**Refactored Tokenization**
- Faster tokenization speed: Using batched tokenization for training & inference - Now, all sentences in a batch are tokenized simoultanously.
- Usage of the `SentencesDataset` no longer needed for training. You can pass your train examples directly to the DataLoader:
python
train_examples = [InputExample(texts=['My first sentence', 'My second sentence'], label=0.8),
InputExample(texts=['Another pair', 'Unrelated sentence'], label=0.3)]
train_dataloader = DataLoader(train_examples, shuffle=True, batch_size=16)
- If you use a custom torch DataSet class: The dataset class must now return `InputExample` objects instead of tokenized texts
- Class `SentenceLabelDataset` has been updated to new tokenization flow: It returns always two or more `InputExamples` with the same label
**Asymmetric Models**
Add new `models.Asym` class that allows different encoding of sentences based on some tag (e.g. *query* vs *paragraph*). Minimal example:
python
word_embedding_model = models.Transformer(base_model, max_seq_length=250)
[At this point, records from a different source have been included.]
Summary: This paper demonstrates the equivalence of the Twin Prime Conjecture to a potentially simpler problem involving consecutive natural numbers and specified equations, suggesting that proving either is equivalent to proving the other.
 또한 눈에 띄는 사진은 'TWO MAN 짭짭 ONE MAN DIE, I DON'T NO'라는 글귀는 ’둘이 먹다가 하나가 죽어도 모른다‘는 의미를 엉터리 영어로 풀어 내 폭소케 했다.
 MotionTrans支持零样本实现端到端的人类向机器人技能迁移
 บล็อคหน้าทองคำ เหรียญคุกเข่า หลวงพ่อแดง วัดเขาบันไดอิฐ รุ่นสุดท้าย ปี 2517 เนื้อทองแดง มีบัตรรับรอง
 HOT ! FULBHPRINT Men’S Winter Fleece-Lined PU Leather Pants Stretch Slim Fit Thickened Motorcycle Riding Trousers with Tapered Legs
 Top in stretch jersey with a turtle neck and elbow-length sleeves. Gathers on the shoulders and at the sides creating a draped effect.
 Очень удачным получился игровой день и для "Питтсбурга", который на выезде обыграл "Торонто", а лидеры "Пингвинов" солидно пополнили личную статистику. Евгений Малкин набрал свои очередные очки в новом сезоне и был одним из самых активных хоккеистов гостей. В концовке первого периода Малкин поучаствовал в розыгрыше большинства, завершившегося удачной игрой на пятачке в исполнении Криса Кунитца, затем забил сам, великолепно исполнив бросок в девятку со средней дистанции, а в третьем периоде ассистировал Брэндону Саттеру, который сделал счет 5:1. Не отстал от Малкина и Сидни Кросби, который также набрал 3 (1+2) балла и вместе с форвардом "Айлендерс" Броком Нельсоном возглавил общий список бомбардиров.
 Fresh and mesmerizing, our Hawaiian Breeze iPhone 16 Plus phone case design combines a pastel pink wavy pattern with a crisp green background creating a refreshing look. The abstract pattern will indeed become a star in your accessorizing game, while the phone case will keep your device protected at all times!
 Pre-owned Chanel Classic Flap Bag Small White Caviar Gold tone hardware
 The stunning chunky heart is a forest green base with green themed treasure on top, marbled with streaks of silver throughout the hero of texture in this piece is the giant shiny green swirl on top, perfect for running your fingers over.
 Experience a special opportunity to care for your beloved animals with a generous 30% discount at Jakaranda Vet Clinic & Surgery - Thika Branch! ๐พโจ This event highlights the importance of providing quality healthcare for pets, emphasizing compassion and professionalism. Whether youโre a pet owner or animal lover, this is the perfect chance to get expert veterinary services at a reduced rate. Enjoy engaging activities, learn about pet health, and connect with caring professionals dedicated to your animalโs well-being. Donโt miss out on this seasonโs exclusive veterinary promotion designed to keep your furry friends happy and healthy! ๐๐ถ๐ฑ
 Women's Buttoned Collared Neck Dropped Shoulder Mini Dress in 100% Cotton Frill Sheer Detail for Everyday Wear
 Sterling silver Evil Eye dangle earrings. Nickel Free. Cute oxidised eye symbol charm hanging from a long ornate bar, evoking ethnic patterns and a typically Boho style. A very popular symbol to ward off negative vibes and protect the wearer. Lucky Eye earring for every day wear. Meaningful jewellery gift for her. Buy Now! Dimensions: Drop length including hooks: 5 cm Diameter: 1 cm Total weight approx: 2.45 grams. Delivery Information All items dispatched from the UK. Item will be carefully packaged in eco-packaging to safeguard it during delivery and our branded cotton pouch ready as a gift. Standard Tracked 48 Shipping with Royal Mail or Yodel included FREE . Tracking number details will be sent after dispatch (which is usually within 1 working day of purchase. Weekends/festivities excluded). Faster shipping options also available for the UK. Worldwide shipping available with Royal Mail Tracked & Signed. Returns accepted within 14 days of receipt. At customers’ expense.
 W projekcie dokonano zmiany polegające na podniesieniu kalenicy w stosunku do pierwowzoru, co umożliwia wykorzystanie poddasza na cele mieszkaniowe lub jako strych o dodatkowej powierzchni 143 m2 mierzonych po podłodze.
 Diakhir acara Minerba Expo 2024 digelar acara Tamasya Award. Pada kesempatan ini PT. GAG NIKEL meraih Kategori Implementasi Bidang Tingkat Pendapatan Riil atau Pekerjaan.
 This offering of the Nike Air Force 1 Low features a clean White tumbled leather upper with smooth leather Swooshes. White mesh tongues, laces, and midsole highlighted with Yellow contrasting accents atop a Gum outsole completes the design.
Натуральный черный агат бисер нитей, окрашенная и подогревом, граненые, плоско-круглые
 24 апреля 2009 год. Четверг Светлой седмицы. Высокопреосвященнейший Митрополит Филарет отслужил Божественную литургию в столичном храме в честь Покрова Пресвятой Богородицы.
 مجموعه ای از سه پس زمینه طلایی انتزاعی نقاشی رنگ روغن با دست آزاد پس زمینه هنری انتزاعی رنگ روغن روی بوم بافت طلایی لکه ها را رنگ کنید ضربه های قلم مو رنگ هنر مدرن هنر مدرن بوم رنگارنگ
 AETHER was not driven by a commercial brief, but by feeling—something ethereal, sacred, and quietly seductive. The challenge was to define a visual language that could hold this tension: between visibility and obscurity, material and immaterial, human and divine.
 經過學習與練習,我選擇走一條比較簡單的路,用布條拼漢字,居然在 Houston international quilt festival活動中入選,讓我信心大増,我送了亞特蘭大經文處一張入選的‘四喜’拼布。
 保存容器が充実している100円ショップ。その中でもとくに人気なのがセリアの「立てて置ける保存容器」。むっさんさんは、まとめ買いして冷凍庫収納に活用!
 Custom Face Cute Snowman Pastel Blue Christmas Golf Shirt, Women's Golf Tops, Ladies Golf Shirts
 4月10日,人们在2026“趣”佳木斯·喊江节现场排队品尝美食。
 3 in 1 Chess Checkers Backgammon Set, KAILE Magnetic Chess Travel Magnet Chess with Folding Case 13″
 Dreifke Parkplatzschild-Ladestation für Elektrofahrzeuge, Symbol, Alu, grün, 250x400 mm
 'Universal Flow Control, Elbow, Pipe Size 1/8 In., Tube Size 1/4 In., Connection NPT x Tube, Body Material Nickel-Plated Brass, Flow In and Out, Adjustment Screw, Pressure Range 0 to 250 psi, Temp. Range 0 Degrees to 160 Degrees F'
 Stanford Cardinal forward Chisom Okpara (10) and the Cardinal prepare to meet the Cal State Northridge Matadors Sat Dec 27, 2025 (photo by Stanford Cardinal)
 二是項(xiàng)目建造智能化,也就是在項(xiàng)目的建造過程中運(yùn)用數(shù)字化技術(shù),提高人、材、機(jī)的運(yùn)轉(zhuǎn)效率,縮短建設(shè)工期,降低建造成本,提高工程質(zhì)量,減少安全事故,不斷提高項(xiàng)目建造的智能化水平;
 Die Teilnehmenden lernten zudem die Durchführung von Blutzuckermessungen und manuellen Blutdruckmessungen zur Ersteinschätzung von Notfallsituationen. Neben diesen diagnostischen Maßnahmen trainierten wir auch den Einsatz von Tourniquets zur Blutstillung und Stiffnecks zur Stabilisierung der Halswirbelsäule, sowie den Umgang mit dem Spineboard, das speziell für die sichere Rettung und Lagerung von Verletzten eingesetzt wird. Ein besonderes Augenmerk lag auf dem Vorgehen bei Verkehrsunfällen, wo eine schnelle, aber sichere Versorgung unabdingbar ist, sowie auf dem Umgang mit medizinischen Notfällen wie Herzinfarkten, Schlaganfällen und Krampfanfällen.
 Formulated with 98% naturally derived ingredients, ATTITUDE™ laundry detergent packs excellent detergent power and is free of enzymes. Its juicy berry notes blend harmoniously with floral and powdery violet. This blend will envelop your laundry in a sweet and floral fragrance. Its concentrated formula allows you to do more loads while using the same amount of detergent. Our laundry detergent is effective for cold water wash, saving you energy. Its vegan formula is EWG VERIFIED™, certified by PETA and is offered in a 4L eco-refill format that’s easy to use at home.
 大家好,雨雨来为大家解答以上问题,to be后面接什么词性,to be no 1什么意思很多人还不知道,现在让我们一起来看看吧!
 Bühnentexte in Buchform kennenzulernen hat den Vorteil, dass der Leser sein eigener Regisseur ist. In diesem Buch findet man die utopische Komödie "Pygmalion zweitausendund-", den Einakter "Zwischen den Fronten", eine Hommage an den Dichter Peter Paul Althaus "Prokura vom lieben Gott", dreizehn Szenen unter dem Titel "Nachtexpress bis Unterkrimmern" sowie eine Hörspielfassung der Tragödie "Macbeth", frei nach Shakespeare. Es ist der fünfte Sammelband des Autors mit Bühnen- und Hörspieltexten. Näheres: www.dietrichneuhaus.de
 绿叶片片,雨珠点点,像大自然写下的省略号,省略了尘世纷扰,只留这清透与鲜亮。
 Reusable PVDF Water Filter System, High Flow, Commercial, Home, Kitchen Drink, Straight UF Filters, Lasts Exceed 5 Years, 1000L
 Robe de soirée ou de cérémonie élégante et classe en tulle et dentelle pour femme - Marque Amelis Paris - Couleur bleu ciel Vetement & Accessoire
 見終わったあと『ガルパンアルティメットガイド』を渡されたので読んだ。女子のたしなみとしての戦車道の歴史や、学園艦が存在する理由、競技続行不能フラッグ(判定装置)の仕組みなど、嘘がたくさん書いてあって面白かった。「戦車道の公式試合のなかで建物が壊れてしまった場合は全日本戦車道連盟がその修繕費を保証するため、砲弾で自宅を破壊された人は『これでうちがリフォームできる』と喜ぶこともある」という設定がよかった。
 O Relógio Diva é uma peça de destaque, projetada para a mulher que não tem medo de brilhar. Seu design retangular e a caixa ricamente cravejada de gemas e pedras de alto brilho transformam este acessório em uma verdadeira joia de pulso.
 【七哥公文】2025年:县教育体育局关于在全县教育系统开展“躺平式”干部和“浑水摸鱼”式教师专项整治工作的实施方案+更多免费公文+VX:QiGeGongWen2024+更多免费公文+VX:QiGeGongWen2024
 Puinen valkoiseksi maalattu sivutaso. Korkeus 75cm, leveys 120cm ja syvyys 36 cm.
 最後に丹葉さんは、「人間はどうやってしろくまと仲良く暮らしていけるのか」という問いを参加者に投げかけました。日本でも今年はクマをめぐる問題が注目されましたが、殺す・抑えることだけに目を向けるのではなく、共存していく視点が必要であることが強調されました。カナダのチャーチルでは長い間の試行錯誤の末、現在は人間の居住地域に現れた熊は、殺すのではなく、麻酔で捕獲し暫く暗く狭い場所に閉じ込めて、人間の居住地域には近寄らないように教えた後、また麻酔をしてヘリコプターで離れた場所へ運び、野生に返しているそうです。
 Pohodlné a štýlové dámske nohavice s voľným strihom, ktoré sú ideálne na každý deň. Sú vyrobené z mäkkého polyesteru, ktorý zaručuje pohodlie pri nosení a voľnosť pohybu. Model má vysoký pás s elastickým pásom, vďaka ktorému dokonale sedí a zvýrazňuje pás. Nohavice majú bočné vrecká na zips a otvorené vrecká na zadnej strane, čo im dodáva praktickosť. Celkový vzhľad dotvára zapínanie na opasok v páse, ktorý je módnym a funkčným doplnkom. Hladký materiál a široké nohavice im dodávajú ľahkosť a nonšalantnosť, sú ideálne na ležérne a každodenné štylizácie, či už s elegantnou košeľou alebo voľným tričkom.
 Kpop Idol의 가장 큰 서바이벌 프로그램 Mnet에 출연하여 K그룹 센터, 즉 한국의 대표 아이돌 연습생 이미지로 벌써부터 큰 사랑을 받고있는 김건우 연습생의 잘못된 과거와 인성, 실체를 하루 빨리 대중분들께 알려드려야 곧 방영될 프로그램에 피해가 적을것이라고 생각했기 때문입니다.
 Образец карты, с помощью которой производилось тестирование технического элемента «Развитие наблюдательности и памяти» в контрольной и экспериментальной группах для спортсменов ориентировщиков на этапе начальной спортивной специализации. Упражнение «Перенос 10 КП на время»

pooling_model = models.Pooling(word_embedding_model.get_word_embedding_dimension())
d1 = models.Dense(word_embedding_model.get_word_embedding_dimension(), 256, bias=False, activation_function=nn.Identity())
d2 = models.Dense(word_embedding_model.get_word_embedding_dimension(), 256, bias=False, activation_function=nn.Identity())
asym_model = models.Asym({'QRY': [d1], 'DOC': [d2]})
model = SentenceTransformer(modules=[word_embedding_model, pooling_model, asym_model])
Your input examples have to look like this:
inp_example = InputExample(texts=[{'QRY': 'your query'}, {'DOC': 'your document text'}], label=1)
Encoding (Note: Mixed inputs are not allowed)
model.encode([{'QRY': 'your query1'}, {'QRY': 'your query2'}])
Inputs that have the key 'QRY' will be passed through the `d1` dense layer, while inputs with they key 'DOC' through the `d2` dense layer.
More documentation on how to design asymmetric models will follow soon.
**New Namespace & Models for Cross-Encoder**
Cross-Encoder are now hosted at [https://huggingface.co/cross-encoder](https://huggingface.co/cross-encoder). Also, new [pre-trained models](https://www.sbert.net/docs/pretrained_cross-encoders.html) have been added for: NLI & QNLI.
**Logging**
Log messages now use a custom logger from `logging` thanks to PR 623. This allows you which log messages you want to see from which components.
**Unit tests**
A lot more unit tests have been added, which test the different components of the framework.